[Opening The data section]

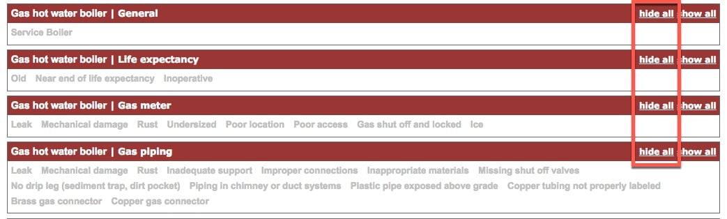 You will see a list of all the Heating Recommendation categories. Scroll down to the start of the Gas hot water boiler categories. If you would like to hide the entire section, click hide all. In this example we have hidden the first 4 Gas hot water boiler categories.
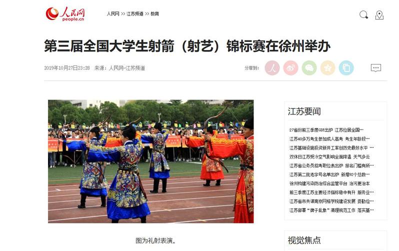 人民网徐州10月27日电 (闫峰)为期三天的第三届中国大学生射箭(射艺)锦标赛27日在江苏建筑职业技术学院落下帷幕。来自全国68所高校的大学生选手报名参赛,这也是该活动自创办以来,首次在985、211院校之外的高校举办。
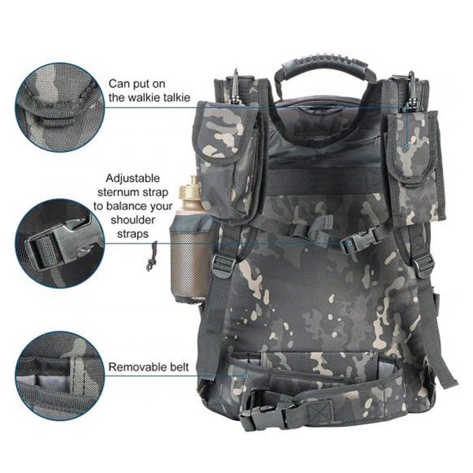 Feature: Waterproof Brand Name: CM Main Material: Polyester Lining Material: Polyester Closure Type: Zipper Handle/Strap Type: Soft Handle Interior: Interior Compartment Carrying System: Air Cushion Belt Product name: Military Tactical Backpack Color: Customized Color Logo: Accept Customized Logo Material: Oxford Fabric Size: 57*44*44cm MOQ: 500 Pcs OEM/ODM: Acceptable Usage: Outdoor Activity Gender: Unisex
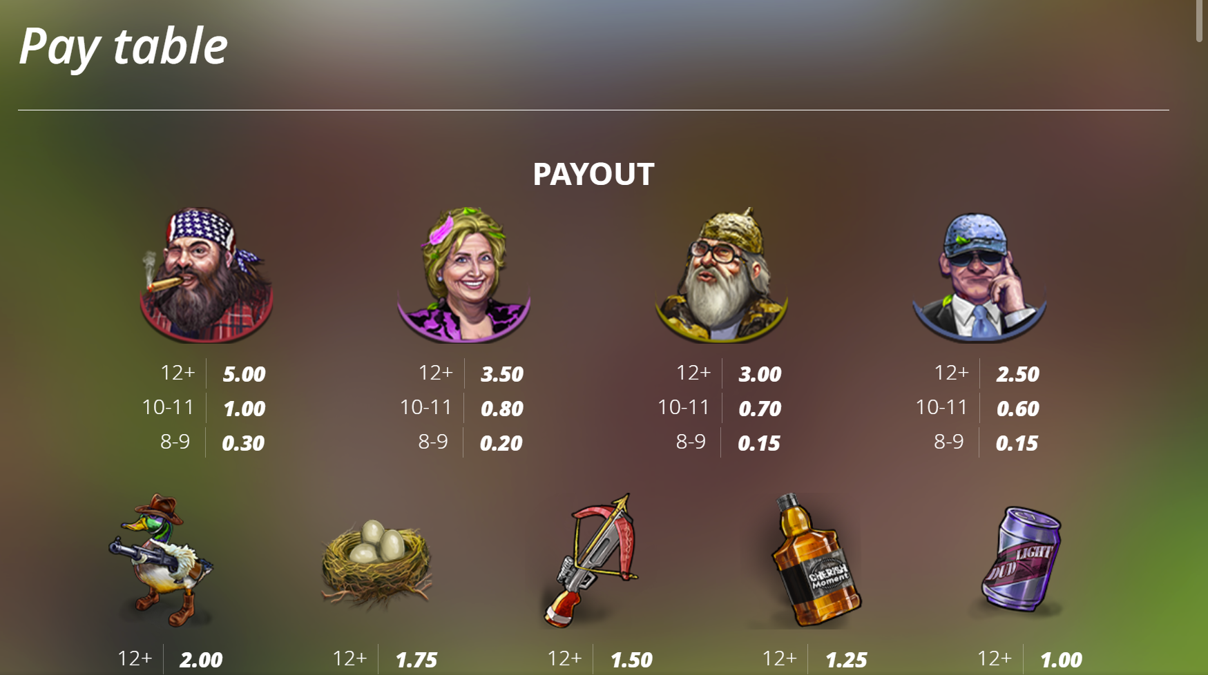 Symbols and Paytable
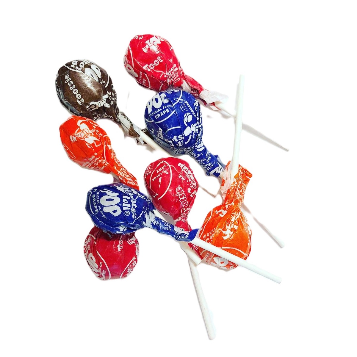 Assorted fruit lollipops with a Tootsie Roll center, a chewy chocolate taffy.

[Closing The data section]
[Opening The data section]

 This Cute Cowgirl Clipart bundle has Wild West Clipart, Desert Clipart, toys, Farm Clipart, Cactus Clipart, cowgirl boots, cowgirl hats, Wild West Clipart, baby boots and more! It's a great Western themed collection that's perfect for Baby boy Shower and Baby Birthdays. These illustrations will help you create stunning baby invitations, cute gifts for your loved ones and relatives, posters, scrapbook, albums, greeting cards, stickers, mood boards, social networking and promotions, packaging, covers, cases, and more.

[Closing The data section]

● Work required: Go back to the listing above and write out the lines starting at the one with "Feature: Waterproof Brand" and ending at the one with "Assorted fruit lollipops", inclusive, exactly and without pictures.

● Worked solution:
 Feature: Waterproof Brand Name: CM Main Material: Polyester Lining Material: Polyester Closure Type: Zipper Handle/Strap Type: Soft Handle Interior: Interior Compartment Carrying System: Air Cushion Belt Product name: Military Tactical Backpack Color: Customized Color Logo: Accept Customized Logo Material: Oxford Fabric Size: 57*44*44cm MOQ: 500 Pcs OEM/ODM: Acceptable Usage: Outdoor Activity Gender: Unisex
 Symbols and Paytable
 Assorted fruit lollipops with a Tootsie Roll center, a chewy chocolate taffy.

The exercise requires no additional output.